Titans were competitive from 2016-2021.

Jackson is not a top-tier passer.
 
Its folklore to think every roster that went to the conference finals had no 'warts on the roster"

2006, 2011, 2013, 2015 all ring bells of years where they made it to the conference finals with sub-par rosters. you take brady off those teams they probably don't sniff the playoffs let alone the conference finals.
Please find an NFL team with the perfect roster and post it here.
 
Do you all think Belichick shies away from cash spending too much?

If the NFL team spends to the cap, then the cash spend is the same over time. The cash might be higher or lower in a year or two, but will swing back and over time the cash spent equals the cap spent. If any GM spends to the cap limit, they are also spending all the cash allowed.

BB spends to the cap limit, so BB spends all the cash allowed under the collective bargaining agreement.

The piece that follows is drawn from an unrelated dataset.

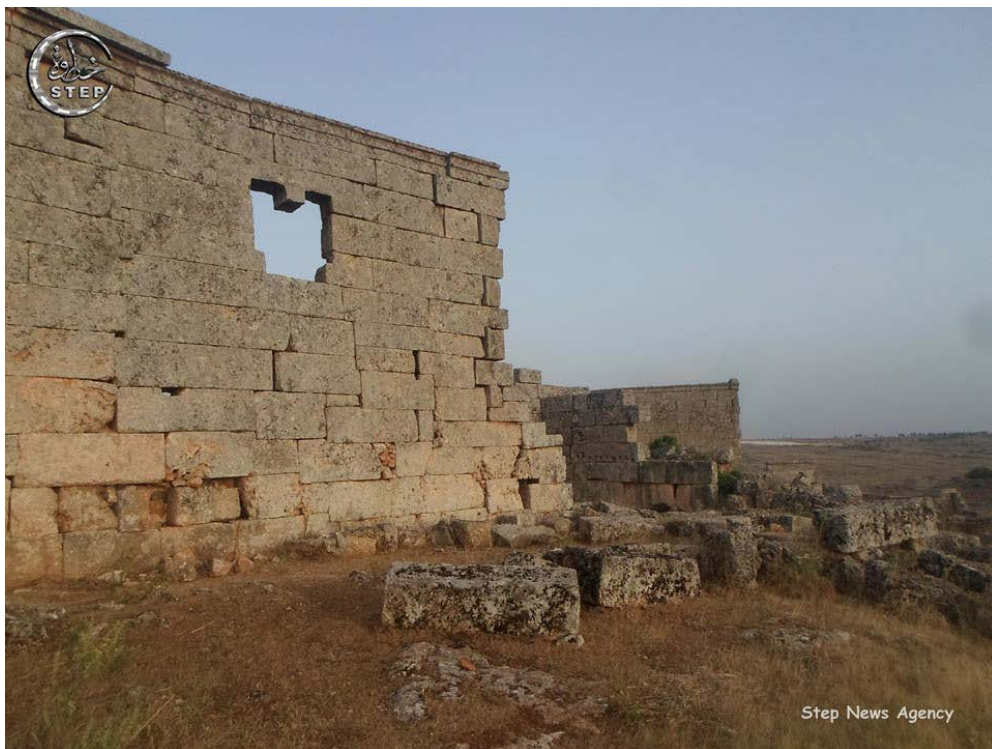
Serjilla (APSA; posted June 5, 2015)

BB is not shying away from spending cash.
 
And for anyone confused about cash spending vs. cap spending, there's an easy example here: the Jets are spending 310 million dollars on their 2023 team, the Patriots are spending 218 million on theirs. Both teams are perfectly cap compliant. Not saying the Patriots should be doing what the Jets are doing, just showing how much of a gap in spending is possible even within the constraints of the cap.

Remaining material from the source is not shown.